Link farms
Link farms are connected networks of sites (cliques) linking to each other for gaming search engine ranking algorithms.
Evolution
Link farms were developed by search engine optimizers in 1999 to take advantage of the Inktomi search engine’s dependence on link popularity. Inktomi was targeted for manipulation through link farms because it was then used by several independent but popular search engines. Link farm exchanges at the time were merely informal agreements and because there was money to be made, several companies appeared offering automated registration, categorisation, and link page updates to “member web sites”. The Inktomi engine maintained two indexes. Search results were produced from the primary index which was a limited list. Pages with few inbound links fell out of the Inktomi index on a monthly basis. Yahoo was Inktomi’s biggest customer and began complaining because when you typed “Yahoo” they were not number one in their own search results. It was dubbed “the relevancy problem”.
Inktomi then tried to build a tool to “measure the relevance effect of algorithmic changes based on precomputed human judgements” giving a score between 1 and 10. Meanwhile, Google’s ranking algorithm depended in part on a link-weighting scheme called PageRank. The PageRank algorithm determines that some links may be more valuable than others, and therefore assigns them more weight than others.
Ah, and there is money to be made. The early link farms were vulnerable to manipulation by webmasters who joined the services, received inbound linkage, and then found ways to hide their outbound links or to avoid posting any links on their sites at all. Link farm managers had to implement techniques to guard “fairness”.
Blackhat SEO link farm products appeared, in particular link-finding software that identified potential reciprocal link partners, sent them template-based emails offering to exchange links or to place articles on their sites (with (hidden) links), and created directory-like link pages for its “members”, for building their link popularity and PageRank “position”.
Known mitigations
Search engines countered by identifying specific attributes associated with link farm pages and filtering those pages from indexing and search results. In some cases, entire domains were removed from the search engine indexes in order to prevent them from influencing search results. In February 2011, Google launched Google Panda, intended to improve its spam-detection algorithm.
Panda “scores” websites on their content and user-experience to reduce the prominence of websites which have ‘thin’, low quality and duplicate content. It also targets sites which come up short on other site-quality metrics, e.g. high advert-to-content ratios. Panda benefited sites with lots of “high-quality and unique” content and which had recognised and trusted brands, thereby favouring corporate interests over purely informative content.
The Google Panda patent (US Patent 8,682,892, USPTO, 2014), filed on September 28, 2012, was granted on March 25, 2014. The patent states that Google Panda creates a ratio with a site’s inbound links and reference queries, search queries for the site’s brand. That ratio is then used to create a site wide modification factor. The site wide modification factor is then used to create a modification factor for a page based upon a search query. If the page fails to meet a certain threshold, the modification factor is applied and, therefore, the page would rank lower in the search engine results page.
PageRank
PageRank, developed by Larry Page and Sergey Brin, is one of the most widely used page ranking algorithms and is based on the idea of a ’random surfer’. The possibility for a web page to be clicked is determined by:
The original importance of the webpage
The total number of web pages that link to it
The importance and the forward link number of each of these web pages.

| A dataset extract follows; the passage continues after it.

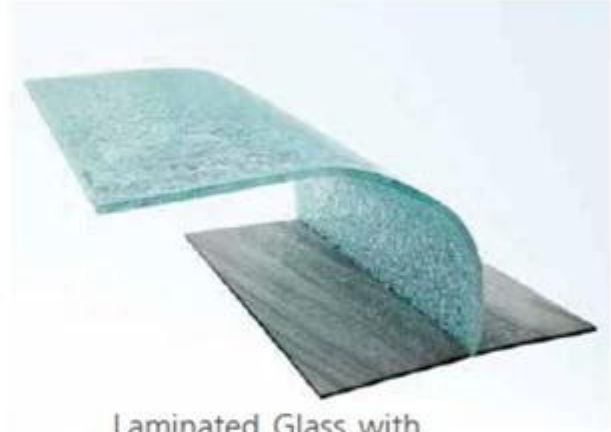
Laminated Glass with PVB Interlayer

If a page has important links to it, its links to other pages also become important. Therefore, PageRank takes the backlinks into account and propagates the ranking through links: a page has a high rank if the sum of the ranks of its backlinks is high.

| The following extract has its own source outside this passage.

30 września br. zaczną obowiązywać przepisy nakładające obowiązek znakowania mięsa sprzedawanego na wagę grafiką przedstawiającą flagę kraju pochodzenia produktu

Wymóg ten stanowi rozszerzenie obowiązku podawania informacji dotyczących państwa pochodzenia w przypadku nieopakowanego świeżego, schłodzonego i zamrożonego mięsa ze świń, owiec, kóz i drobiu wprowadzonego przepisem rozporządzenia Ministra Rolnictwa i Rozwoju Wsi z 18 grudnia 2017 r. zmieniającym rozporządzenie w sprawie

Pages are seen as Markov Chain states and the probability for moving from a page to another page is modelled as a state transition probability. The output of the algorithm is a probability distribution used to represent the likelihood that a person randomly clicking on links will arrive at any particular page. PageRank can be calculated for collections of documents of any size. It is assumed in several research papers that the distribution is evenly divided among all documents in the collection at the beginning of the computational process. The computations require several passes (iterations) through the collection to adjust approximate PageRank values to more closely reflect the theoretical true value.
In practice, the PageRank concept is vulnerable to:
Black SEO (adding hidden anchor tags to a site and using link farms and hijacked blogs) because one page is important if it is pointed to by many other pages and it is based on link structure
Spamming and fake news because it does not distinguish between good and bad authorities.

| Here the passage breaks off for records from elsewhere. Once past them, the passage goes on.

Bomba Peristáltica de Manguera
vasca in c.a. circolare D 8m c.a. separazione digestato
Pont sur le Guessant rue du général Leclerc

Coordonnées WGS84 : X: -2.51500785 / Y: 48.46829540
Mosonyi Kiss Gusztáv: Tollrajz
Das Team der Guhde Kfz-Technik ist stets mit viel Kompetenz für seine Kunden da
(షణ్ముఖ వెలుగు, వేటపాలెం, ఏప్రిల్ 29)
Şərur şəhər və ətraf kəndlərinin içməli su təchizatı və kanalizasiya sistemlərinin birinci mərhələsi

TrustRank and Anti-TrustRank
TrustRank can be added to PageRank. Instead of relying on only the number of web links from one page to another it then also uses the variable “trust” it has in an object it is linked to. TrustRank generates trust for all indexed objects and gives objects with a lot of spam content a much smaller score while giving sites which link to trusted authorities a higher score. This prevents cascades of fake news to build up while also penalizing dirty tricks for SEO.
TrustRank selects a small set of seed pages to be evaluated by an expert. Once the reputable seed pages are manually identified, a crawl extending outward from the seed set seeks out similarly reliable and trustworthy pages.
TrustRank’s reliability diminishes with increased distance between documents and seed set.
The inverse logic also works (Anti-TrustRank). The closer a site is to spam resources, the more likely it is to be spam as well.
The researchers who proposed the TrustRank approach have continued to refine their work by evaluating related topics, such as measuring spam mass (the measure of the impact of link spamming on a page’s ranking).
So have others. There is now a fast asynchronous Anti-TrustRank algorithm.
It is important to select good seeds in the Anti-TrustRank algorithm since the ATR scores are propagated from the selected seeds.